Breast cancer (BRCA) is one of the most common malignancies encountered in women worldwide. Lipid metabolism has been found to be involved in cancer progression. Steroidogenic acute regulatory protein‑related lipid transfer 4 (STARD4) is an important cholesterol transporter involved in the regulatory mechanism of intracellular cholesterol homeostasis. However, to the best of our knowledge, the molecular functions of STARD4 in BRCA are unclear. Immunohistochemical staining and public dataset analysis were performed to investigate the expression levels of STARD4 in BRCA. In the present study, high expression of STARD4 was identified in BRCA samples and higher STARD4 expression was significantly associated with shorter distant metastasis‑free survival time in patients with BRCA, which indicated that STARD4 may be associated with BRCA progression. Cell cytometry system Celigo® analysis, Cell Counting K‑8 assays, flow cytometry, wound healing assays and transwell assays were used to investigate the effects of STARD4 knockdown on proliferation, cell cycle, apoptosis and migration in BRCA cells. Loss‑of‑function assays demonstrated that STARD4 acted as an oncogene to promote proliferation and cell cycle progression, while suppressing apoptosis in BRCA cells in vitro and in vivo.
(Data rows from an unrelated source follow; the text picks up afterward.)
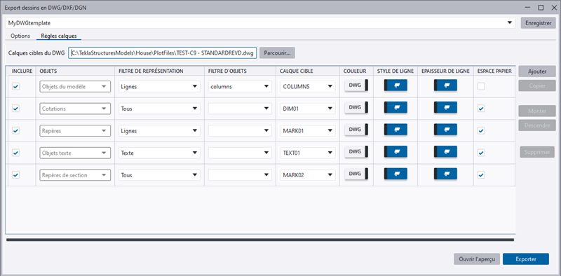 Exportez le dessin Tekla Structures à l'échelle dans l'espace modèle vers un fichier CAO. Lorsque l'option Exporter uniquement dans l'espace objet est utilisée, les coordonnées du modèle, globales et du point de base, ainsi que le choix d'espace papier/d'espace objet dans les paramètres de calque/niveau seront ignorés.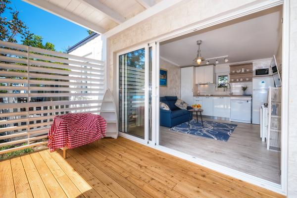 Přišli jsme sem v červnu, na doporučení našich přátel, nejistí, zda toto místo bude vyhovovat našim potřebám. Jak se ukázalo, je to perfektní! Apartmány jsou velmi pěkné a čisté, celá budova je dobře udržovaná. Přijeli jsme s tříletým dítětem, takže oplocené hřiště s atrakcemi pro malé děti se ukázalo jako spása. Rádi trávíme čas u moře a tady je moře několik metrů, navíc voda není tak hluboká, že je ideální pro malé děti. Pláž je pokryta malými oblázky. Majitelé bytů jsou velmi pěkné a dostupné po celou dobu. Výsledkem je, že jsme tady v září, ale tentokrát ve větší skupině.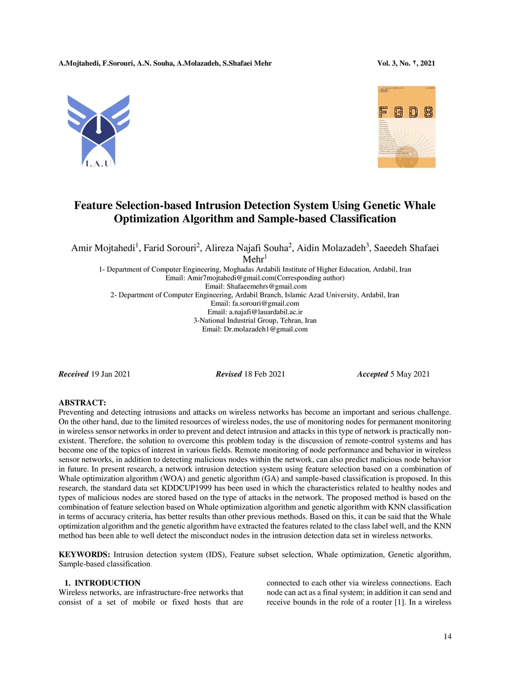 Preventing and detecting intrusions and attacks on wireless networks has become an important and serious challenge. On the other hand, due to the limited resources of wireless nodes, the use of monitoring nodes for permanent monitoring in wireless sensor networks in order to prevent and detect intrusion and attacks in this type of network is practically non-existent. Therefore, the solution to overcome this problem today is the discussion of remote-control systems and has become one of the topics of interest in various fields. Remote monitoring of node performance and behavior in wireless sensor networks, in addition to detecting malicious nodes within the network, can also predict malicious node behavior in future. In present research, a network intrusion detection system using feature selection based on a combination of Whale optimization algorithm (WOA) and genetic algorithm (GA) and sample-based classification is proposed. In this research, the standard data set KDDCUP1999 has been used in which the characteristics related to healthy nodes and types of malicious nodes are stored based on the type of attacks in the network. The proposed method is based on the combination of feature selection based on Whale optimization algorithm and genetic algorithm with KNN classification in terms of accuracy criteria, has better results than other previous methods. Based on this, it can be said that the Whale optimization algorithm and the genetic algorithm have extracted the features related to the class label well, and the KNN method has been able to well detect the misconduct nodes in the intrusion detection data set in wireless networks.

Furthermore, knockdown of STARD4 significantly suppressed BRCA metastasis. To assess the mechanism of action of STARD4, microarray analysis was performed following STARD4 knockdown in MDA‑MB‑231 cells. The data were analyzed in detail using bioinformatics, and a series of genes, including E74 like ETS transcription factor 1, cAMP responsive element binding protein 1 and p21 (RAC1) activated kinase 2, which have been previously reported to be crucial genes implicated in the malignant phenotype of cancer cells, were identified to be regulated by STARD4. Loss‑of function assays demonstrated that knockdown of STARD4 suppressed BRCA proliferation and migration. These findings suggested that STARD4 had an oncogenic effect in human BRCA progression.